Vivianne Donner umklammerte das Lenkrad und beugte sich vor, bis sie fast mit der Nase an der Windschutzscheibe klebte, um so im dichten Nebel besser sehen zu können. Es war ein weiterer schrecklicher Tag in einer Reihe schrecklicher Tage, und genau wie die anderen Einwohner von Houston, Texas, fühlte auch sie sich angeschlagen und erschöpft. Nach dem Sturm, der zu einer verheerenden Überschwemmung geführt hatte, wäre ein wenig Sonnenschein schön gewesen. Doch ein klarer Tag würde die Bewohner von Houston auch dazu zwingen, sich den Auswirkungen des Sturms zu stellen und den Schaden an etlichen Häusern und Gebäuden zu begutachten.

Vivi riskierte einen kurzen Blick zur Seite, und der Nebel lichtete sich gerade genug, um ihr die Berge von Trümmern, abgebrochenen Ästen und zerstörten Möbeln am Straßenrand zu offenbaren.

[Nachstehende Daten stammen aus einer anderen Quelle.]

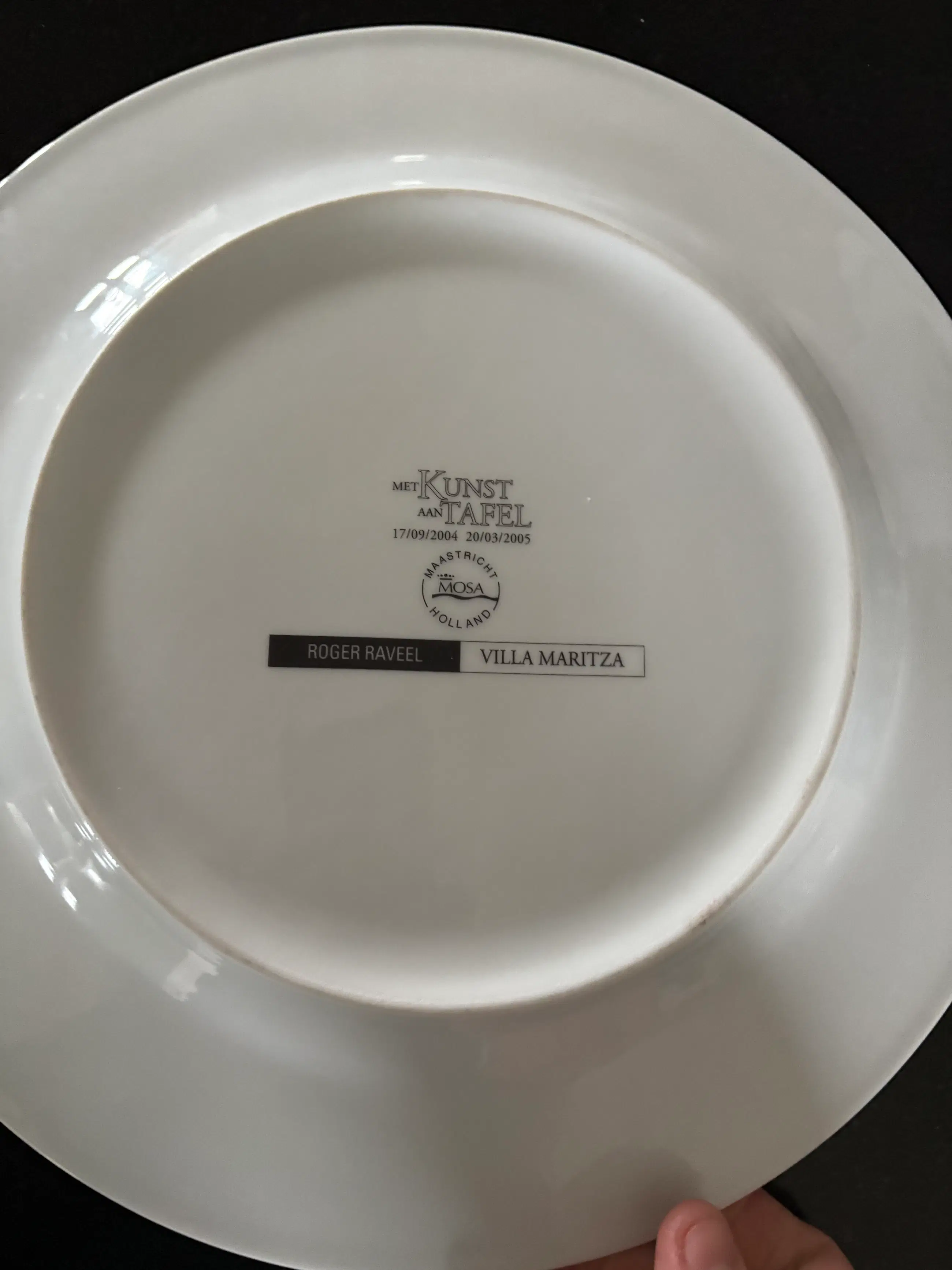 Met kunst aan tafel: Onderbord vervaardigd naar aanleiding van de cultureel-culinaire happening "Met kunst aan tafel", restaurant Villa Maritza, Oostende, 17 september 2004 - 20 maart 2005 -
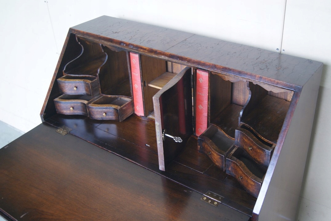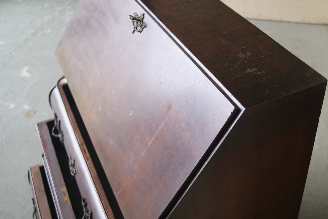 Состояние стола-секретаря видно на фотографиях, конструкция стабильная. Верхняя часть мебели треснута (все показано на фотографиях)
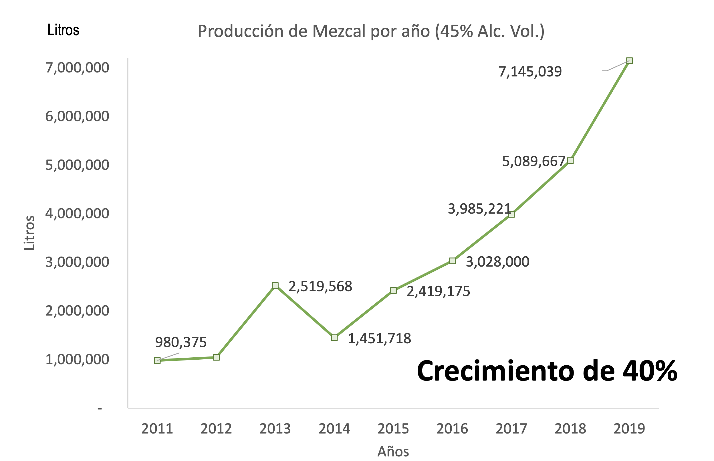 Existe una fuerte demanda en los EE. UU. y México por este interesante y complejo destilado de maguey compuesto de hipótesis, mitologías, historia, talento, cultura y tradición. El crecimiento en Europa y Asia ya ha comenzado y aunque es aun tímido, no se va a detener. En 2019 (las cifras del 2020 aun no se han hecho públicas hasta hoy 3/22/21) se produjeron mas de 7 millones de litros en los 9 estados que componen la Denominación de Origen Mezcal (DOM). Dicha DO, esta compuesta de los siguientes nueve Estados: Oaxaca, Puebla, Guerrero, Michoacán, Guanajuato, San Luis Potosí, Tamaulipas, Zacatecas y Durango.

Gott sei Dank war ihr Haus – und auch das von Clems Tagesmutter Charlie – verschont geblieben. Dasselbe konnte man nicht über das Rollin’ Smoke sagen, das berühmte Barbecue-Restaurant, in dem sie als Chefköchin arbeitete. Laut Joe, dem Besitzer und ihrem Mentor, war ihre wunderschöne, frisch sanierte Küche vollkommen ruiniert. Die Renovierung des Restaurants war erst sechs Wochen zuvor abgeschlossen worden, und die neuen Sitznischen, Tische und Stühle waren jetzt alle zerstört. Abfälle und Trümmerteile bedeckten den Boden, und es wurden wirklich alle bei den Aufräumarbeiten gebraucht.

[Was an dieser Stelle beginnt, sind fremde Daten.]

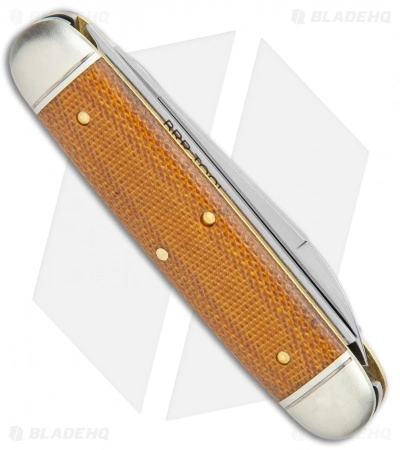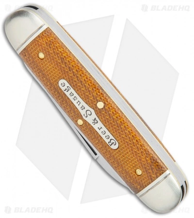 This Beer & Sausage knife has a natural canvas Micarta handle.
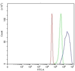 - Flow cytometry testing of human SiHa cells with PSF antibody at 1ug/million cells (blocked with goat sera); Red=cells alone, Green=isotype control, Blue= PSF antibody.
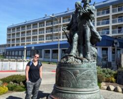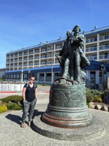 I have read Undaunted Courage and watched my share of movies and documentaries, so I was super excited to get some more historical on-the-ground context. Unfortunately, our first stop was Seaside, the Wally World of the Oregon Coast and ugly American/Euro-trash tourist bus must go. It was harsh. A carnival of crap trinkets and crap food and every form of general crap that could be sold. Allegedly, there was a statue of L&C that I wanted to see, but as with every virtual reality Disney, Studio City, Vegas, Funderland kind of altering of the senses, this statue claimed to be the “End of the Trail”, which, of course, it was not. Making haste out of this realm, we went to the nearby L&C Salt Cairn Historic Monument. It is a weird site surrounded by homes in a modern neighborhood is this 30’x30’ wrought iron fenced off display of a 4’x10’ pile of rocks with 5 copper pots on top.
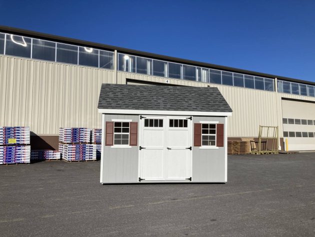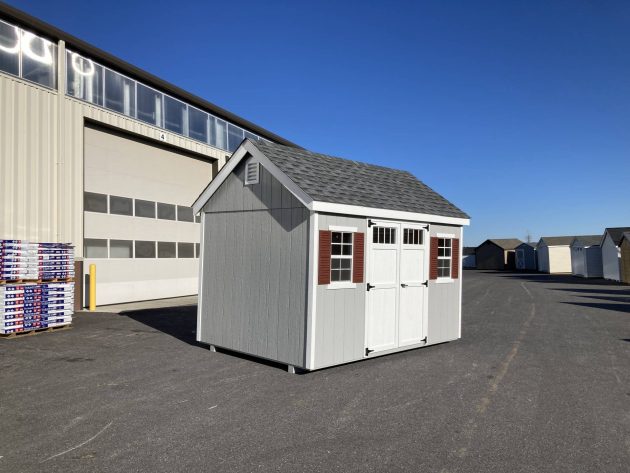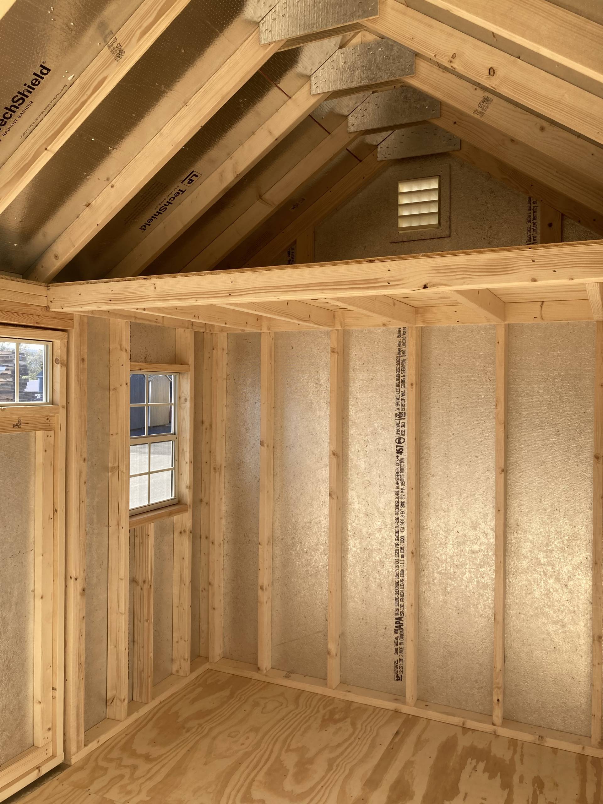 Upgrades: 54'' double doors, 18x27 windows with red shutters, 4x8 loft
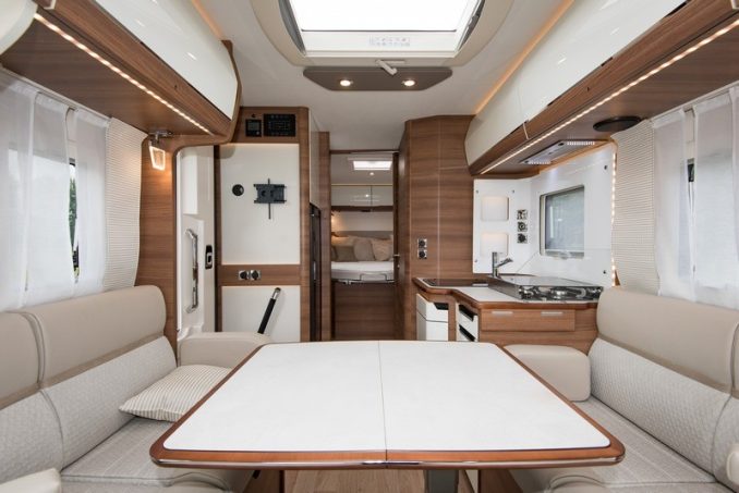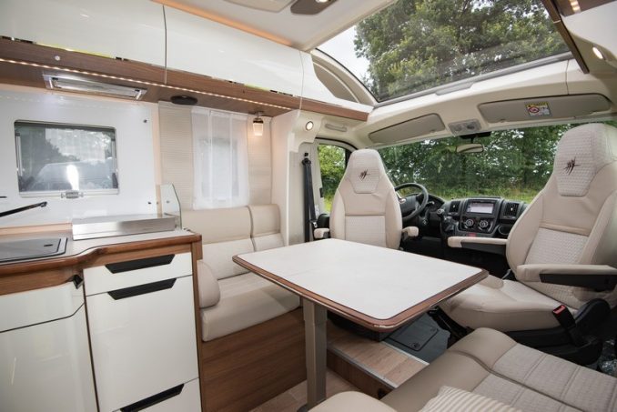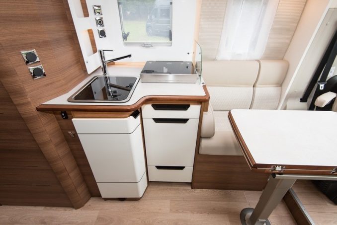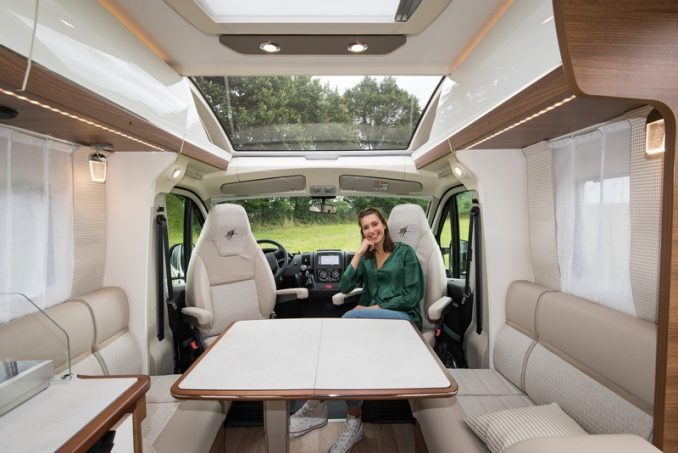 En toute franchise, nous avons eu un peu peur lorsque Rapido nous a annoncé avoir élaboré des profilés compacts en jouant sur la largeur de la cellule. Nos craintes n’étaient pas fondées que sur des a priori. Ceux de découvrir un habitacle tronqué et donc, difficile à vivre. En définitive, le résultat est tout autre. Dans le C86 que nous vous présentons, nous n’avons pas ressenti de sensation d’oppression en nous installant dans le salon. Bien au contraire. Le lieu, très lumineux, grâce à l’immense sky roof intégré dans la casquette, place les occupants dans un bien-être que certains autres camping-cars, même plus imposants, ne génèrent pas. C’est dire la prouesse. Vous êtes dans un petit véhicule avec l’impression de séjourner dans un grand. Le salon lounge ne peut certes recevoir que quatre personnes, mais elles sont confortablement installées sur les banquettes latérales et les sièges de cabine. Le mobilier Nacarat (un joli blanc brillant rehaussé de bois sombre) participe aussi allègrement à la luminosité intérieure. Une deuxième ambiance est disponible : la Bellagio avec des portes de placard façon bois et liseré chromé.
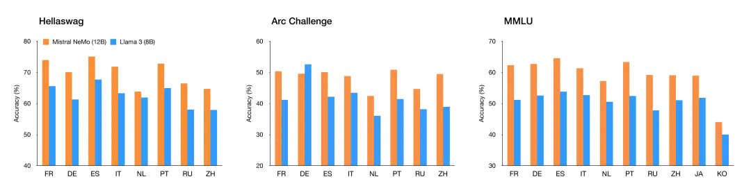 图 1:Mistral NeMo 在多语言基准测试中的表现。
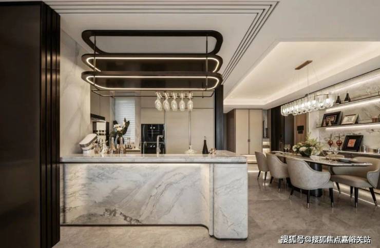 客厅背景墙的“烟雨江南”天然大理石,不同于传统平面背景墙,通过弧度及立体的造型处理,并镶嵌不锈钢材质!对于金茂而言,比奢石昂贵的,是让奢石真正与空间气场融为一体!

Als Küchenchefin hatte sie nur Joe als Vorgesetzten und könnte theoretisch abwarten, bis ihre Mitarbeiter das Gröbste erledigt hatten. Doch sie war keine Diva. Wie hätte sie das sein können? Sie hatte sich im Restaurant hochgearbeitet, von der Tellerwäscherin zur Chefköchin, aber sie wusste immer noch, wie man sich die Hände schmutzig machte. Auf der Besitzurkunde des Lokals mochte Joes Name stehen, doch das Rollin’ Smoke gehörte zu ihr, verdammt, und Vivi wollte dabei helfen, es wieder auf Vordermann zu bringen.

Als sie sah, dass die Straße vor ihr gesperrt war, bog Vivi auf eine Seitenstraße ab. Hier war der Nebel noch dichter, und die Sicht wurde immer schlechter. Sie überlegte, anzuhalten und abzuwarten, bis der Nebel verflog. Wo war die verdammte Sonne? Sie nahm eine Hand vom Lenkrad und wischte sich die verschwitzte Handfläche an der Jeans ab. Gott, dieses Wetter konnte einem wirklich Angst machen.

Ihr Handy klingelte, und sie zuckte heftig zusammen. Panisch tastete sie nach dem Telefon und ging ran. „Himmel, Joe, du hast mich zu Tode erschreckt!“

„Bist du etwa mit dem Auto unterwegs? Bitte sag Nein!“ Joe klang bestürzt.

„Na ja, unterwegs würde ich das nicht nennen. Ich komme kaum vom Fleck.“

„Dreh um. Fahr wieder nach Hause.“

Vivi kämpfte gegen den Drang an, genau das zu tun. Sie wollte Clem abholen, sich mit ihr unter einer Decke verkriechen und sich vor der Welt verstecken. Doch genau das hatte sie schon das erste Vierteljahrhundert ihres Lebens getan, und sie weigerte sich, wieder so zu leben. Das Leben war zum Leben da, und es gehörten nun mal sowohl gute als auch schlechte Tage dazu.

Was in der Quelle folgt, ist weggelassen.